Читаем Жуковский полностью

Образ Иоанны д'Арк увлек его — столько в ней поэзии, романтической, возвышенной! Пьеса выходила у Жуковского драматической поэмой, большой героической элегией... С недоумением он вспоминал о существовании «Орлеанской девственницы» Вольтера. «Как это можно из народной героини делать посмешище? — думал он. — И как это французы могут терпеть... нет, не плохие стихи, а святотатство? надругательство? В Греции такой героине воздвигли бы алтари... И у нас в России находят странное удовольствие читать это уродливое, безнравственное сочинение!»

В связи со своей учительской службой Жуковский летом этого года жил то в Павловске, то в Петергофе. В июне в Петербурге вышел отдельным изданием его второй «Отчет о луне». В журнале «Сын Отечества» Николай Греч положительно отозвался об этом стихотворении.
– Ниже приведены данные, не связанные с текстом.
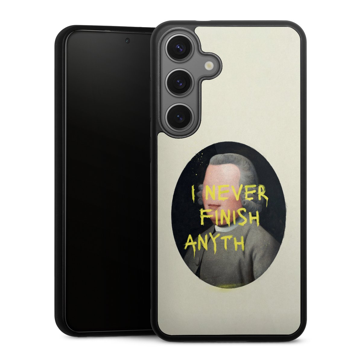 We print your design on the back of the glass inlay and then connect it firmly to the silicone case ,so that nothing sticks out and everything looks like it was cast from one piece. In addition, the sturdy glass element is protected from scratches by an additional coating and ensures a slight reflection on the shiny print image.

Но многие литераторы не захотели заметить хороших качеств «Отчета», плохо зная Жуковского, они думали, что это стихи придворного раба, стихи поневоле, а не от поэтической души. Александр Измайлов пишет своему приятелю: «Вчера пришел ко мне в синем парижском сюртуке... и в широких белых портках Орест Сомов... Вчерашний день он поссорился с Гречем. Вот как это случилось. Они встретились в книжной лавке Оленина. Сомов, взяв в руки последний No «Сына Отечества», где расхвален «Отчет...» Жуковского о луне, начал упрекать Греча в недостатке вкуса и грозил разобрать эту пиесу. Греч назвал его Моською... «Пусть я Моська, — возразил Сомов,— однако не из тех, которые лижут задницы!»... Для Жуковского оба «Отчета» были немаловажным этапом в его творчестве. Никому не ведомо было, что в состав первого должна была войти огромная поэма о разрушении ливонскими рыцарями маленького древнерусского княжества Герсики на Двине (он читал об этих событиях в третьем томе «Истории государства Российского» Карамзина и, вероятно, в ливонских хрониках, которые имелись в библиотеке Дерптского университета).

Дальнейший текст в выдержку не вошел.